Bestow good luck on New Year's Day with bowls of Hoppin' John Soup. Smoky flavor shoots through this good-for-you soup of peas and collards.

Southern Living JANUARY 2013

  • Yield: Makes 11 cups
  • Hands-on:30 Minutes
  • Total:2 Hours, 5 Minutes

Ingredients

  • 1/2 (16-oz.) package dried black-eyed peas, rinsed and sorted
  • 2 pounds smoked turkey wings
  • 1/3 cup finely chopped country ham
  • 1/4 teaspoon dried crushed red pepper
  • 2 garlic cloves, minced
  • 1 jalapeño pepper, seeded and minced
  • 2 carrots, cut into 1-inch pieces
  • 1 celery rib, diced
  • 1 large sweet onion, diced
  • 1 bay leaf
  • 2 tablespoons canola oil
  • 1/2 (16-oz.) package fresh collard greens, trimmed and finely chopped
  • 1 tablespoon hot sauce
  • 1 tablespoon apple cider vinegar
  • Hot cooked brown rice
  • Cornbread Croutons
  • Flat-leaf parsley leaves

Preparation

1. Bring peas, turkey wings, and 6 cups water to a boil in a large Dutch oven.

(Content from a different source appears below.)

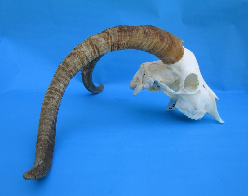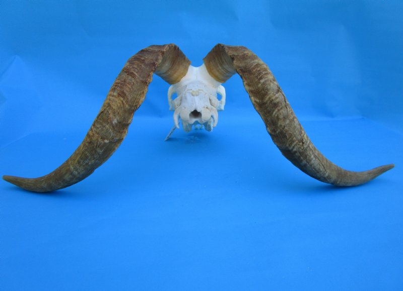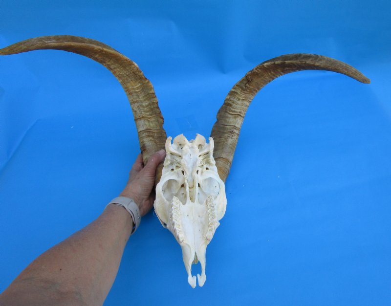 African Angora Skull for Sale with 21-3/4 and 22-3/4 inches Horns imported from South Africa.  The skull measures approximately 9-3/4 inches long. (Missing couple teeth).  Angora goats are small-sized goats that are raised for their mohair, a type of fiber used in clothing and upholstery. South Africa is the world's leading producer of mohair, and Angora goats are the most efficient fiber producers in Southern Africa

Cover, reduce heat to medium, and simmer 45 minutes or until peas are tender, skimming any foam from surface. Drain peas, reserving 1 1/4 cups liquid. Remove turkey meat from bones. Chop meat.

2. Sauté ham and next 7 ingredients in hot oil in Dutch oven over medium-high heat 10 minutes or until vegetables are tender. Add peas, reserved 1 1/4 cups liquid, turkey meat, collards, hot sauce, and 6 cups water. Bring to a boil; reduce heat to medium, and simmer, stirring occasionally, 30 minutes. Stir in vinegar. Season with salt and pepper. Discard bay leaf. Serve over rice with Cornbread Croutons and parsley.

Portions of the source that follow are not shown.